Leurs conversations à répétition offrent aussi son cadre à Jimmy P. , première expérience américaine de son auteur, et un film étonnant à tout le moins qui, s’insinuant dans les méandres d’un ouvrage passionnant mais objectivement aride, réussit à l’amener en territoire purement cinématographique. Autant que celui d’une analyse, au demeurant passionnante, c’est là le récit d’une amitié, improbable et, partant, exceptionnelle. A mesure, en effet, que Jimmy Picard (Benicio Del Toro, massif et vulnérable à la fois) se raconte à travers ses rêves toujours plus prégnants à un Devereux à l’oreille attentive (Mathieu Amalric, dans une composition excentrique en accord avec le personnage), une complicité grandissante va les rapprocher. Jusqu’à se muer en une amitié irréductible, unissant deux hommes que tout séparait a priori, n’était leur condition d’exilé -l’un comme « native » dans une Amérique ne l’ayant pas attendu, l’autre en tant que juif d’origine européenne-, et que la thérapie aura le don de révéler l’un à l’autre.

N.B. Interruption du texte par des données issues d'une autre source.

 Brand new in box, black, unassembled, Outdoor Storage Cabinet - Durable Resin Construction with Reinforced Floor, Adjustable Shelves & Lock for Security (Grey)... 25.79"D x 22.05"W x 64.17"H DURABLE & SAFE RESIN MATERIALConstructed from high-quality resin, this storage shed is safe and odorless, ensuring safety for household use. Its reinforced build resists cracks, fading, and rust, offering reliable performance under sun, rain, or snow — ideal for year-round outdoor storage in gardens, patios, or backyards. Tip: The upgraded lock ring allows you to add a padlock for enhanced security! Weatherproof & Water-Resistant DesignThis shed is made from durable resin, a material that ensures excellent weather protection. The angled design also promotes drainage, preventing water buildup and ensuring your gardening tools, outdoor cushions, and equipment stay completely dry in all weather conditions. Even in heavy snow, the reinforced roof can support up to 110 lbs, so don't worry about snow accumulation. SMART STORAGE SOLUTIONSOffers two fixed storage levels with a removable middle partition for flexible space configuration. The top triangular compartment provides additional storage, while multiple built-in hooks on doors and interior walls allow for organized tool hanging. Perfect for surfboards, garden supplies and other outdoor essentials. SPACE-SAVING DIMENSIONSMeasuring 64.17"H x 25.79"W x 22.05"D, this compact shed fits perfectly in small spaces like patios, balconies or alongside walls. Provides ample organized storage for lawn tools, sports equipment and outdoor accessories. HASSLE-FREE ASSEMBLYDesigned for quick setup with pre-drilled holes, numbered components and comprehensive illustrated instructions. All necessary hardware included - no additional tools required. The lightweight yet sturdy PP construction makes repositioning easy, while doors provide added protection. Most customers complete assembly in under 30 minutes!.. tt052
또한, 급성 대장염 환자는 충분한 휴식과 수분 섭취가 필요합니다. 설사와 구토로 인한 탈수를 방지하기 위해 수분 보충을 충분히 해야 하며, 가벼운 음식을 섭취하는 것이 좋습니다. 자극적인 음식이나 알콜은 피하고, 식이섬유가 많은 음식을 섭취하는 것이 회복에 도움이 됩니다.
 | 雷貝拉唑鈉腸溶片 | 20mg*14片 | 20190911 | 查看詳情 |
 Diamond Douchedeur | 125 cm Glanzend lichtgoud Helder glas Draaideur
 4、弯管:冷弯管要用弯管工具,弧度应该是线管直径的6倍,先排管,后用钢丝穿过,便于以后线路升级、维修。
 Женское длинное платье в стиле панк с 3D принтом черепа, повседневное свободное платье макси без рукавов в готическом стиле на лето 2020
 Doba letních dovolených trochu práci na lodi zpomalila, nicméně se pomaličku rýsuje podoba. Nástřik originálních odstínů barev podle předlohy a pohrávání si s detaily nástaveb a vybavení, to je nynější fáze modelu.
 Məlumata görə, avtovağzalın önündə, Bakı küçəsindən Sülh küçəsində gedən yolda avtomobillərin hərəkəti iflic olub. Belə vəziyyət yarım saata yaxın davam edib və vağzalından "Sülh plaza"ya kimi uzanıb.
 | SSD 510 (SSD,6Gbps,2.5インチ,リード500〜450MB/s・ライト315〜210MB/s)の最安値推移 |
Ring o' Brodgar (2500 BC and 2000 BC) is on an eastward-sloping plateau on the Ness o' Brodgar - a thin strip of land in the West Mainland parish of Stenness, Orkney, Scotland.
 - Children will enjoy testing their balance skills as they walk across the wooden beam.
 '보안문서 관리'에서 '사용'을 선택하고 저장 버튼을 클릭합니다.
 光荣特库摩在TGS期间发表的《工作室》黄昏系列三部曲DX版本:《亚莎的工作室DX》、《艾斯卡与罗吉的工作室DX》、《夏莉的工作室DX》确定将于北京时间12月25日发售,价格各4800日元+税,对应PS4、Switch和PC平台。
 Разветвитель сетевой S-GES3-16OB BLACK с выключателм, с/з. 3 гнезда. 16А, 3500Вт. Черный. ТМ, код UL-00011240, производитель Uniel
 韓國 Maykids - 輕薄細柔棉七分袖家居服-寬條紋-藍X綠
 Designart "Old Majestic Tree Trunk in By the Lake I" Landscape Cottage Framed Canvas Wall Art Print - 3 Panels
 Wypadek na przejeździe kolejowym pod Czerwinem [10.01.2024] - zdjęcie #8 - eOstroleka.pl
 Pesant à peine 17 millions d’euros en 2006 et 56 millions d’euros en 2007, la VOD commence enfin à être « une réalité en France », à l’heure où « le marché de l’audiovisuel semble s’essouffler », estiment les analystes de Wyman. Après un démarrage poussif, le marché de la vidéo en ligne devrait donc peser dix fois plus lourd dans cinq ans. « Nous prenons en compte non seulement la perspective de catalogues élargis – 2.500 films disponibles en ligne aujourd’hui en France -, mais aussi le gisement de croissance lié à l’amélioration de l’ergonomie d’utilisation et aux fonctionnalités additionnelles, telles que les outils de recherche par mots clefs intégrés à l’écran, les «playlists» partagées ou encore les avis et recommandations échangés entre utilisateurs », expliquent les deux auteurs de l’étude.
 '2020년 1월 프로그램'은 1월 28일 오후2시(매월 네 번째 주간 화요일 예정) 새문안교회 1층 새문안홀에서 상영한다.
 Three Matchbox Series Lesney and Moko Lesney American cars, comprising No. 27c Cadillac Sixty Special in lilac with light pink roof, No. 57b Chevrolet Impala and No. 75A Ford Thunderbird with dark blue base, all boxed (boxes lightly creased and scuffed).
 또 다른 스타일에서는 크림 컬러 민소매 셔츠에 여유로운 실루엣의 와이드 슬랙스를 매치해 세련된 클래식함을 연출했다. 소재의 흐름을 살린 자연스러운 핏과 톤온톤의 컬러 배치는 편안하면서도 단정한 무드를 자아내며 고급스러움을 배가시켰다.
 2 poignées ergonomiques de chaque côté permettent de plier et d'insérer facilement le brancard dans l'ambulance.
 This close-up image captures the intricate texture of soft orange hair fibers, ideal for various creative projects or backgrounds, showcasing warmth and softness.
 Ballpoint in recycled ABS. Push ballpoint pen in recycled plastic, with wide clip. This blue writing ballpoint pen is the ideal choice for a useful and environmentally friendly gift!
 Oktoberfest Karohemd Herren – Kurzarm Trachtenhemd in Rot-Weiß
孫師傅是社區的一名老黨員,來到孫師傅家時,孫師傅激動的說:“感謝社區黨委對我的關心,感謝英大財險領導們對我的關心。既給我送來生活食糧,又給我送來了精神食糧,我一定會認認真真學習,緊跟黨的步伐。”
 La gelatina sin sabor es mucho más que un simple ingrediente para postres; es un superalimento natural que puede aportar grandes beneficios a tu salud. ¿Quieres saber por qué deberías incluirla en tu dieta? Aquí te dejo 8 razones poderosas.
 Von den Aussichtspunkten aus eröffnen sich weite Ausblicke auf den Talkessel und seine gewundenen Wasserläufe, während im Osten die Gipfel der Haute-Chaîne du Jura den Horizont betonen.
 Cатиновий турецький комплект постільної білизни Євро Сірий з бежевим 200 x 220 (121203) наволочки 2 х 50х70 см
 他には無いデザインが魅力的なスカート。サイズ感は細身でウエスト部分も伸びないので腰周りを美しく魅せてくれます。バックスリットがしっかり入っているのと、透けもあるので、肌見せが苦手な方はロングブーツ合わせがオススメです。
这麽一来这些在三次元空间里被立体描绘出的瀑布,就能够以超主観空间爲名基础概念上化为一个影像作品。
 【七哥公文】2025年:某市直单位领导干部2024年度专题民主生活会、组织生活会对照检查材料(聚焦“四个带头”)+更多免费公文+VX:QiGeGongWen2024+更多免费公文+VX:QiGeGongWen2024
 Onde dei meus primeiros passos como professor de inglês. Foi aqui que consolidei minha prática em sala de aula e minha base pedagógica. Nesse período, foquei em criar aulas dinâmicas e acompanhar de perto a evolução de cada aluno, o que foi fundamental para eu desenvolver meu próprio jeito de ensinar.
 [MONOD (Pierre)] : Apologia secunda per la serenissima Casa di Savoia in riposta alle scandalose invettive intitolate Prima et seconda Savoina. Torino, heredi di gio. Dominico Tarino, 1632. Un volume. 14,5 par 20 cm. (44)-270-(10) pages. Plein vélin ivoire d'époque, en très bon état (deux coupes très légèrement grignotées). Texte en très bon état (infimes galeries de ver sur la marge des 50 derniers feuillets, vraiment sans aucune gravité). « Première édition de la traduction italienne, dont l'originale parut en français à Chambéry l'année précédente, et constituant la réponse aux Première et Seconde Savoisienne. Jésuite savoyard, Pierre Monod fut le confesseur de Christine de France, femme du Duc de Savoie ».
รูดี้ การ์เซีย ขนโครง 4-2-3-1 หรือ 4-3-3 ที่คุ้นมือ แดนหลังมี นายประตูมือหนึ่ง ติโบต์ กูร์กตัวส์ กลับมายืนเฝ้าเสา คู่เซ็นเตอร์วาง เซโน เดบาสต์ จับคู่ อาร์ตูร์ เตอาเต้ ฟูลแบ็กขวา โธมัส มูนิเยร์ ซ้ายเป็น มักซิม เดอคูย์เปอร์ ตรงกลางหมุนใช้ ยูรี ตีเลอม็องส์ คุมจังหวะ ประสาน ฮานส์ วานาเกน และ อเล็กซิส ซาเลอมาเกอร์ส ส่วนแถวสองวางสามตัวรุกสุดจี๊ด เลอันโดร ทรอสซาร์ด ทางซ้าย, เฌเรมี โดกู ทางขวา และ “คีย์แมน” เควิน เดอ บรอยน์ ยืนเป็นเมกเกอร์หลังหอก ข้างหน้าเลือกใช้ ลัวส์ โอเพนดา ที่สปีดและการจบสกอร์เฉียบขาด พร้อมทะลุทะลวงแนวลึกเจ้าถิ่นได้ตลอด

Desplechin trouve, pour sa part, dans leur relation une matière romanesque féconde, inscrite dans un espace américain souverain qui lui inspire son opus le plus épuré -à l’ombre bienveillante de François Truffaut, mais aussi de John Ford, donc. Et d’opérer en profondeur, tandis que le film, porté par un lyrisme délicat, déploie ses strates successives, dans un mouvement d’une confondante fluidité, puisant dans sa pâte humaine, d’une formidable richesse, matière à questionner, encore, l’Histoire américaine avec une acuité discrète. OEuvre fascinante et parfaitement maîtrisée, Jimmy P. est aussi de celles qui produisent un effet à retardement, chaque nouvelle vision semblant devoir en élargir un peu plus l’horizon en une perspective proprement ensorcelante. Si Arnaud Depleschin confesse n’avoir que fort modérément le goût de l’exotisme, l’Amérique lui a, de toute évidence, fort bien réussi. Court making of et scènes coupées en bonus.